======== Entries provided

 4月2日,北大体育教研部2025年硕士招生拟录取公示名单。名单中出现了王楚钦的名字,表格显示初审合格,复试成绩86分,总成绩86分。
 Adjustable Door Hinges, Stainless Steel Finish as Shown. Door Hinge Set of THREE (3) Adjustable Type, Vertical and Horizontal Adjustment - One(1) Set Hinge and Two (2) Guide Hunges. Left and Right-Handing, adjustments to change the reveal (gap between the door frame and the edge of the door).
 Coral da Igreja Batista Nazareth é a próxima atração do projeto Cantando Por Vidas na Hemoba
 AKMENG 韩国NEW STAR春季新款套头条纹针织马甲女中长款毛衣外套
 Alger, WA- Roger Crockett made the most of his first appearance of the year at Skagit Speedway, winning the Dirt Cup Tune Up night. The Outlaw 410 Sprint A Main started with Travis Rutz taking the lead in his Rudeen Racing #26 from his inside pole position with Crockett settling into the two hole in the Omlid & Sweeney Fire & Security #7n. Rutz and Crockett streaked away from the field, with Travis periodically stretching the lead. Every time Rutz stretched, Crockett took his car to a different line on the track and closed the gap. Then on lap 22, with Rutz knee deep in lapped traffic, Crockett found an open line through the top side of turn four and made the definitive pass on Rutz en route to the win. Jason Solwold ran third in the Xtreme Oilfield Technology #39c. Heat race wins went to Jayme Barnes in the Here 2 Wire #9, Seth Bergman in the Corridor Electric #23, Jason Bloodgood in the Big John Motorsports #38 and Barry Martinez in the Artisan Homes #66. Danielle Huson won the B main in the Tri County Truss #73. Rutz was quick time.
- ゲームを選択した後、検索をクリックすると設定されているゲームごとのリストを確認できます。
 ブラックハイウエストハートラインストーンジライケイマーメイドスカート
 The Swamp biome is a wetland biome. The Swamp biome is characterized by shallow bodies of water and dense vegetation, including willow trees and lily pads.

================
======== Entries provided

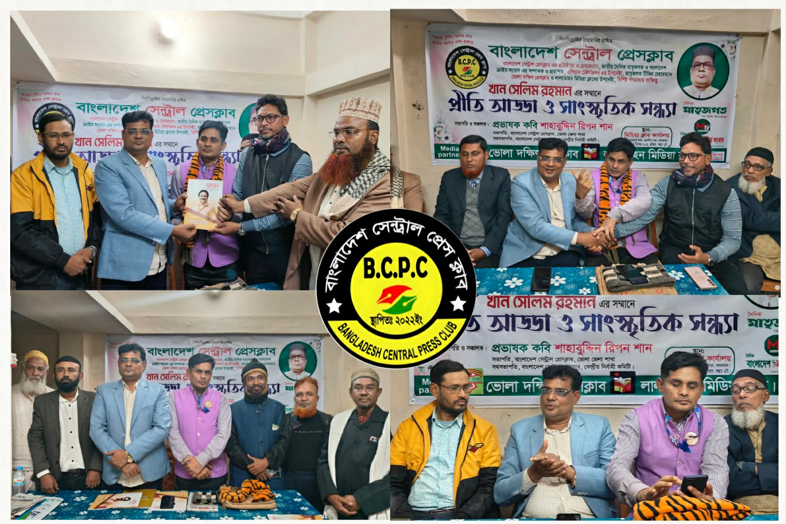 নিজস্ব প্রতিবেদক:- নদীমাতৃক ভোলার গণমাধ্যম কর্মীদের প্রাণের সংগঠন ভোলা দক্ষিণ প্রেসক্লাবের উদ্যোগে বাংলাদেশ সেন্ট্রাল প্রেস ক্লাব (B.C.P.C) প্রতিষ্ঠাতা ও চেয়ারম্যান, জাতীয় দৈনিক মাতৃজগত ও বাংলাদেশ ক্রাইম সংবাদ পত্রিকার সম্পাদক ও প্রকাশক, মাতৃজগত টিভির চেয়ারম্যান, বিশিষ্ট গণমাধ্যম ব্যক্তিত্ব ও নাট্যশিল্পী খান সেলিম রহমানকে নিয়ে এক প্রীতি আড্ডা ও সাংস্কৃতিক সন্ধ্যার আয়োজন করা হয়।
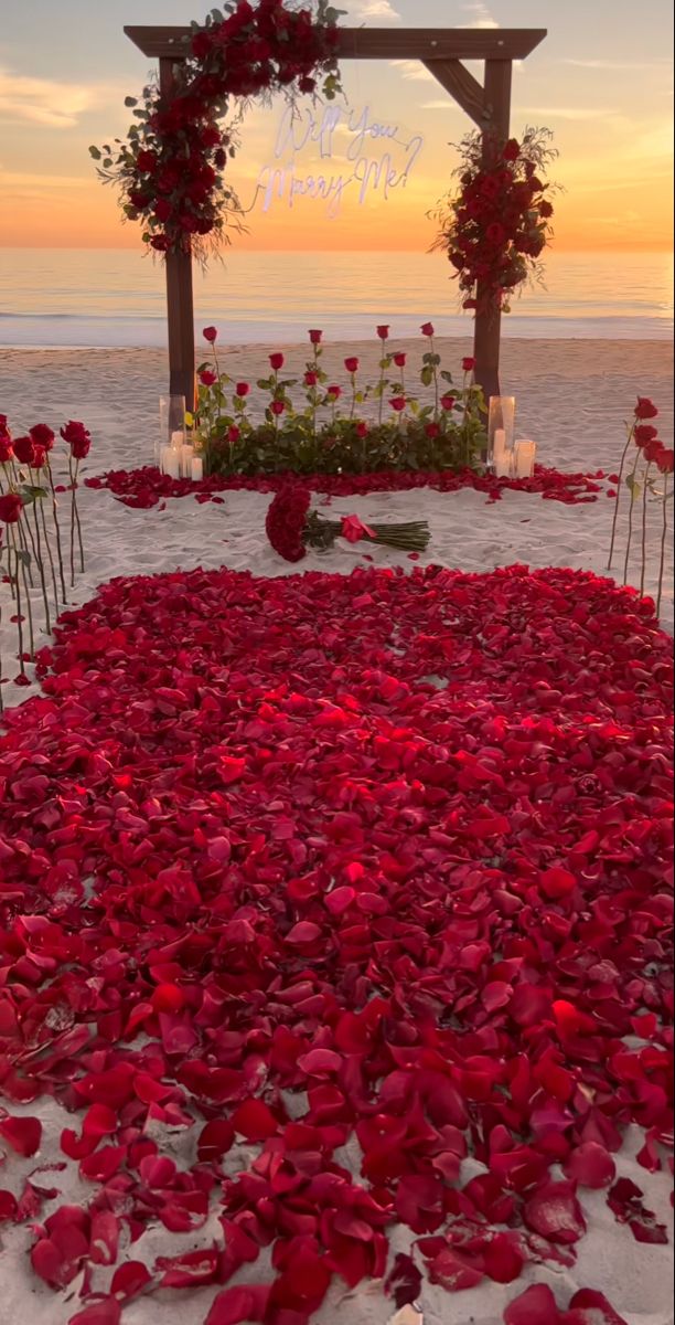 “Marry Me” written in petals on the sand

================

▶ _Problem statement_
Transcribe the records above from the line holding "4月2日,北大体育教研部20" down to the line holding "The Swamp biome is a", inclusive, without adding anything.

▶ _Task result_
 4月2日,北大体育教研部2025年硕士招生拟录取公示名单。名单中出现了王楚钦的名字,表格显示初审合格,复试成绩86分,总成绩86分。
 Adjustable Door Hinges, Stainless Steel Finish as Shown. Door Hinge Set of THREE (3) Adjustable Type, Vertical and Horizontal Adjustment - One(1) Set Hinge and Two (2) Guide Hunges. Left and Right-Handing, adjustments to change the reveal (gap between the door frame and the edge of the door).
 Coral da Igreja Batista Nazareth é a próxima atração do projeto Cantando Por Vidas na Hemoba
 AKMENG 韩国NEW STAR春季新款套头条纹针织马甲女中长款毛衣外套
 Alger, WA- Roger Crockett made the most of his first appearance of the year at Skagit Speedway, winning the Dirt Cup Tune Up night. The Outlaw 410 Sprint A Main started with Travis Rutz taking the lead in his Rudeen Racing #26 from his inside pole position with Crockett settling into the two hole in the Omlid & Sweeney Fire & Security #7n. Rutz and Crockett streaked away from the field, with Travis periodically stretching the lead. Every time Rutz stretched, Crockett took his car to a different line on the track and closed the gap. Then on lap 22, with Rutz knee deep in lapped traffic, Crockett found an open line through the top side of turn four and made the definitive pass on Rutz en route to the win. Jason Solwold ran third in the Xtreme Oilfield Technology #39c. Heat race wins went to Jayme Barnes in the Here 2 Wire #9, Seth Bergman in the Corridor Electric #23, Jason Bloodgood in the Big John Motorsports #38 and Barry Martinez in the Artisan Homes #66. Danielle Huson won the B main in the Tri County Truss #73. Rutz was quick time.
- ゲームを選択した後、検索をクリックすると設定されているゲームごとのリストを確認できます。
 ブラックハイウエストハートラインストーンジライケイマーメイドスカート
 The Swamp biome is a wetland biome. The Swamp biome is characterized by shallow bodies of water and dense vegetation, including willow trees and lily pads.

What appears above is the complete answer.